What really frustrated me last year was I'd been on a  premises fire inspection the day before I saw a show in the Pleasance. I couldn't understand why health and safety seemed to go out the window for the month of August. It could be that many of the rules dont apply to pop ups and only to permanent structures, but the wee nooks and crannies of the best venues are really dangerous. I'm not suggesting to any wannabee firestarter that they should go and get their career off to a roaring start but flyers with old wooden floors work well on November 5th!

I've gone off piste as usual but what we need to do is strike the balance like Dubrovnik. We dont want to kill the golden goose and this year allows us to build an infrastructure that works. Pop ups that are extensions of what we do well are superb, those that are maximising revenue dont belong and those that are dangerous, ie queuing on a main road......

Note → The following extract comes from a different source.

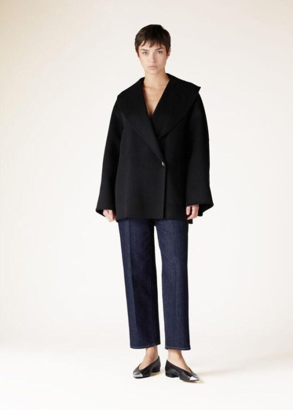 A generously cut single-button double-breasted coat, a wonder in double-layer cashmere that offers an exquisitely warm, enveloping embrace. This model has a flared cut and a shawl collar that falls almost to the shoulders, embracing you with its warmth. With slightly dropped shoulders to accentuate the voluminous line, and intricate vertical stitching for additional interest and volume, this sophisticated outerwear option is a testament to comfort and style.

Thankfully the staff at the A & E will tell you the festival brings a better class of drunken injury but its a hot spot for these frontline workers who have had it hard for a long time, please listen to them when they advise how events should be run.

My interest in this is that we arrive at a better solution and not that we talk about businesses that are under pressure owing to the collapse of the "FREE MONEY" that has poured into Edinburgh for so long. Those of us who have a day out usually come back £200 poorer for it but having had a great time. I think its right the taxi drivers get a wee boost but what's the point as its a marketing coup for private hire, while the uber-parent snatches 25% off the top pays no tax and sneaks it out of the country never mind Edinburgh.

Lots of people fund shows with the crowdfunding, ticket buying and large donations. THey'd be disgusted to know that most of the money goes on accomodation and over priced venue hire. Especially when you have to hire the venue's equipment and staff as an additional extra.